Assuming that IRF and ${f_{\text{fl}}}$ are known and stable and can be readily deconvolved, we are left with the remaining diffuse transport response, which depends on four key parameters: absorption and reduced scattering coefficients (${{\mu}_a}$ and ${\mu_s^\prime}$, respectively), volume distribution of the fluorophore, and time.
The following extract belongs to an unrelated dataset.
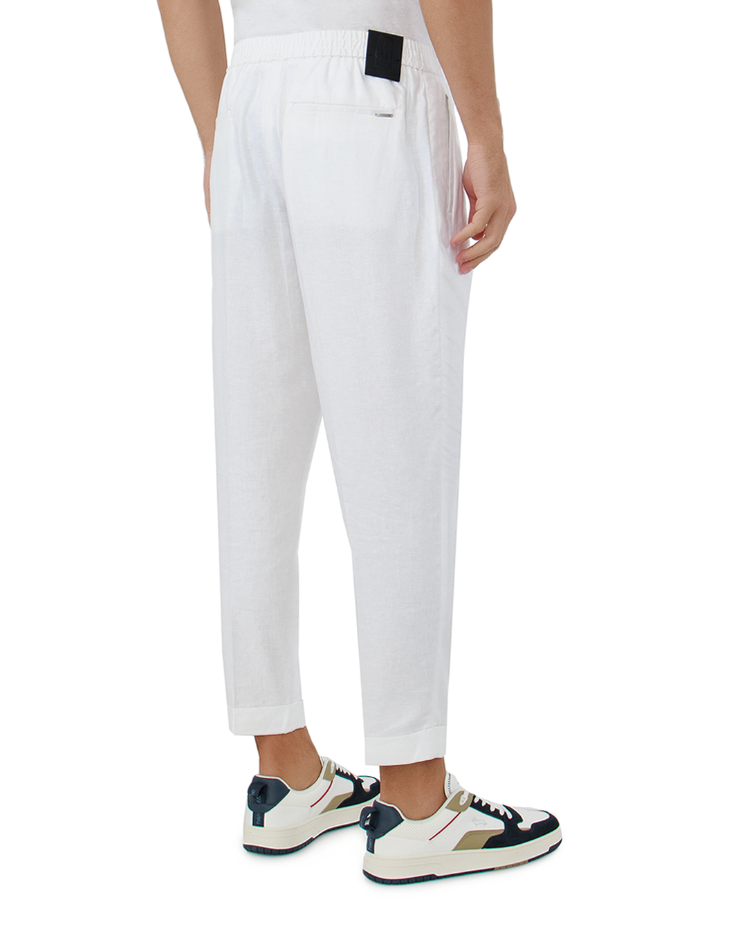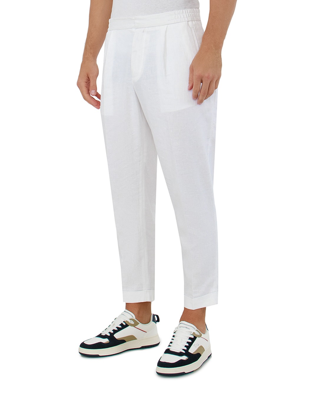 Эти брюки изысканно сочетают в себе утонченность и функциональность, идеально воплощая концепцию легкости современного стиля. Исключительно белый оттенок добавляет свежести и универсальности, что делает их подходящими для самых различных случаев. Ткань приятная на ощупь, обеспечивает комфорт и естественную вентиляцию, а неизменное качество выделяет их среди прочих. Свободный крой дополняется изящными защипами, создающими легкость и плавность линий. Эластичный пояс обеспечивает превосходную посадку, адаптируясь под индивидуальные особенности фигуры, что делает эти брюки исключительно удобными в носке. Укороченные брючины аккуратно подшиты, что подчеркивает внимание к деталям и придает аккуратный, завершенный вид. Минималистичная фурнитура и скрытые карманы дополняют образ, сохраняя чистоту линий и утонченность дизайна. Эти брюки станут стильным дополнением вашего гардероба, идеально сочетаясь как с кежуал, так и более формальными элементами одежды.

Therefore, to solve the inverse problem for fluorophore distribution, ${{\mu}_a}$ and ${\mu_s^\prime}$ should be evaluated independently. We extract these parameters from diffuse reflectance, while testing two different arrangements in the temporal and spatial domains, as shown in Fig. 1. In the first case, we record the temporally resolved diffuse reflectance using the same excitation laser while replacing the bandpass filter with a polarizing filter, and extract ${{\mu}_{\text{eff}}}$ from the map of the temporal response. In the second case, we keep the bandpass filter and use a secondary, structured light source, and demodulate the structured light pattern in the spatial domain to obtain ${{\mu}_a}$ and ${{\mu}_s^\prime}$. The latter spatial frequency-domain imaging (SFDI) [4] approach proves more robust, since switching the filter becomes unnecessary; it is also more accurate, at a cost of decreased spatial resolution of the ${{\mu}_a}$ and ${{\mu}_s^\prime}$ map.

 figure: Fig. 2.

Fig. 2. (a) Temporal profiles of reflectance and fluorescence of IRDye 680RD inclusion at varying depth and intralipid (IL) concentration; (b) relation between rising edge delay and inclusion depth; (c) SFDI and reflectance-based measurements of ${{\mu}_s^\prime}$ (at 659 nm) and ${t_k}$ for varying IL concentration; (d) estimated depths of inclusion using both methods; (e) depth-corrected inclusion intensity.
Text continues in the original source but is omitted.